На экране коммуникатора чисто, тишь да гладь. Всё спокойно на объекте; можно бы вздремнуть, как те двое, пока дежурит Чезаре, но… Командир поёжился. Хоть и тепло, но не по себе. Как там Рокка? Врубил, небось, пузогрейку и таращится во тьму. Паршиво вот так вот вечером дежурить, особенно когда неизвестно, чего ждать. Паршиво, слов нет, но дежурный хотя бы видит что-то кроме чёртовых стен. «А сидеть, как я тут, ещё хуже, – решил Борха. – Выйти к нему? Проверяю, мол».
Он надел шлем, повозился с замками и разъёмами, включил подогрев и «ночной глаз», поднялся, побродил, разминая ноги, прихватил автомат и вышел на крыльцо, аккуратно прикрыв за собою дверь.
– Командир! – прозвучал в наушнике голос номера четвёртого. – Ты видел эту хрень?
«Я и тебя-то не вижу, – подумал Борха, – А! Вон ты где».
– О чём ты? – спросил он.
– Матерь божья, сколько их!
– Кого? – папаша Род на всякий случай снял автомат с предохранителя и осмотрел купы деревьев, дорожки и коробки корпусов «ночным глазом». Ничего подозрительного.
– Бункер! Над бункером!
«То есть над лифтом. Вроде ничего подозрительного»
– Не вижу.
– Ослеп, что ли? Простым же глазом…
«А! Я понял», – Борхе отключил прибор ночного видения и выругался от изумления:
– Твою в бога душу мать!
Мерцающий столб поднимался над бетонной плешью, облитой светом новорожденного месяца.
– Метров тридцать-сорок высоты, – шепнул Родриго. – Он шевелится!
– Шевелится? Зум включи!
Родриго поступил, как советовали, и выругался вторично, на этот раз нецензурно. Мириады тусклых огоньков вертелись над бункером, пляска их поначалу казалась беспорядочной, но, приглядевшись, командир различил в мельтешении сложные узоры и уловил ритм.

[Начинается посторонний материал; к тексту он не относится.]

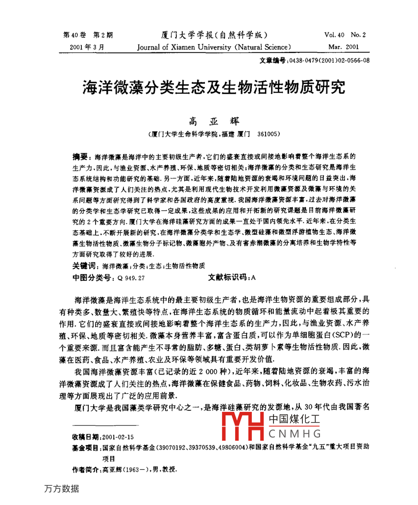 海洋微藻分类生态及生物活性物质研究

– Повелитель мух! – проговорил Чезаре и забормотал что-то похожее на молитву.
– Заткнись! – приказал Борха. – Светляков не видел?
Как ни старался, а дрогнул голос. Жутко ведь.
– Ты не знаешь, – сипел в наушнике голос номера четвёртого. – А мне перед высадкой в Могадишо, Кэн, взводный мой, трепал про огненный столп. Он видел.
– В Могадишо?
– Да нет, в Церне.
– Какого чёрта он забыл в Церне? – спросил Родриго, чтобы хоть что-то спросить. Болтовня успокаивает.
– Такого же, какого мы здесь забыли. Точно такой же там был мушиный столп, а потом ка-ак бздануло… Кэн три недели провалялся в госпитале, свезло. Выжил, потому что как раз сидел в капонире. Там полгорода разом высадило в тартарары, воронка была такая, что…
– Видел.
– Одно дело в новостях видеть, а другое – в натуре.
Папаша Род, которого болтовня не успокоила нисколько, собирался ещё раз приказать Чезаре заткнуться, но не успел раскрыть рот. Ярчайшая вспышка ослепила его; всё вокруг сотряс громовый удар, как будто треснуло и обвалилось кусками небо.
***
Море ворочалось у ног, скрипя мокрой галькой. В лицо Володе бросало порывами ветра солёную водяную пыль. Странно: у кромки прибоя кажется, что дует с моря, но серые сумрачные тучи наползают сзади, от гор, неся в разбухших чревах грозу. Темень. В море кормовые огни катера, над ними тонкой долькой месяц. И на пляже фонарь.
– Будет шторм, – сказал Сухарев, подойдя к парапету набережной.
Володя нашёл маяк – серый в ночи, торчащий над обрывом нелепой античной колонной, угасший навсегда, потерявший смысл существования. Маяк ждал шторма спокойно. Его слепые, с лунным бликом стёкла таращились в морскую даль, откуда к причалам Гриньяно никогда больше не придёт по маячному лучу яхта.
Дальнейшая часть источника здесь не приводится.